The world has been mourning the queen while welcoming the new king with a good mix of regret over her death and skepticism about her son and the future of the commonwealth under the new king’s leadership, whether he’ll be able to stay out of trouble and stop courting controversy, even whether he’ll last as long as her.

Naturally, those who miss her more than others feel those who criticize Elizabeth’s legacy are being insensitive, even unfair, but the critics naturally don’t agree.
I won’t hold against anyone anything they feel they should say about the late queen, as I’m instead guided by the following words of wise advice from another late emperor, this time Ethiopia’s Haile Selassie I, King of Kings and Lords, Conquering Lion of the Tribe of Judah, the closest living being traced to Jesus Christ while he lived — and to whom all kings and queens bowed.

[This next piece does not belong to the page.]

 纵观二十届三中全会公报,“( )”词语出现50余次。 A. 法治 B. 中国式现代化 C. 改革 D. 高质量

In a book entitled ‘The Wise Mind of H.I.M. Haile Selassie I’, in Chapter One on ‘Peace’ (Section 1:11) the late monarch of the only African country never colonised, but attacked by Italy with bombs blessed by the Pope of the day, Haile Selassie says: ‘Memories of past injustice should not divert us from the more pressing business at hand. We must live in peace with our former colonisers, shunning recrimination and bitterness and foreswearing the luxury of vengeance and retaliation, lest the acid of hatred erase our souls and poison our hearts.’

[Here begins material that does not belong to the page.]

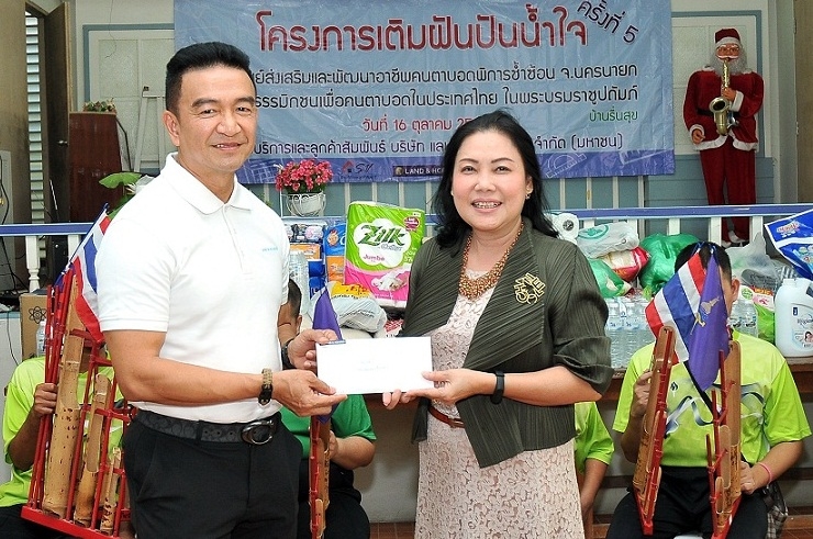 คุณสมเกียรติ ยินดีสมปอง ผู้จัดการฝ่ายบริการและลูกค้าสัมพันธ์ บริษัท แลนด์ แอนด์ เฮ้าส์ จำกัด (มหาชน) เป็นตัวแทนมอบเงินบริจาคจำนวน 130,000 บาท พร้อมสิ่งของใช้ที่จำเป็นต่างๆ ให้แก่ คุณอัญชลี ชัยทรัพย์ กรรมการดำเนินงานมูลนิธิธรรมิกชนเพื่อคนตาบอดในประเทศไทย สาขานครนายก ซึ่งเป็นตัวแทนรับมอบ ณ ศูนย์ส่งเสริมและพัฒนาอาชีพคนตาบอดพิการซ้ำซ้อน จ.นครนายก มูลนิธิธรรมิกชนเพื่อคนตาบอดในประเทศไทย ในพระบรมราชูปถัมภ์ (บ้านรื่นสุข) เมื่อวันที่ 16 ตุลาคม 2562

That said, I am more interested in what the new king will do to about 14 now independent ex-British West Indian colonies’ calls, since 2013, for Reparations for Slavery and Native Genocide.
The Royal Family established the Royal Africa Company in 1655 and opened the way for the Transatlantic slave trade and the royal family grew richer-and-richer off its investments in Chattel Slavery, which was perfected as an advanced form of capitalist accumulation economics in its time — and was, to Britain and Europe, more about making money and building an Empire than about racism and inhumanity.

That’s what I want to know – King Charles on Reparations — and that’s what I’ll look out for during what’s left of my life and his reign, as successive heirs and successors of victims of slavery and perpetrators of what The United Nations has declared ‘The Worst Crime Against Humanity’ in history.

Until the bell tolls for reparations for the 20 million people spread across these 14 Caribbean nations, whether under King Charles III or not, all I’ll say (now and in this space today) is: The Queen is Dead, Long Live the King!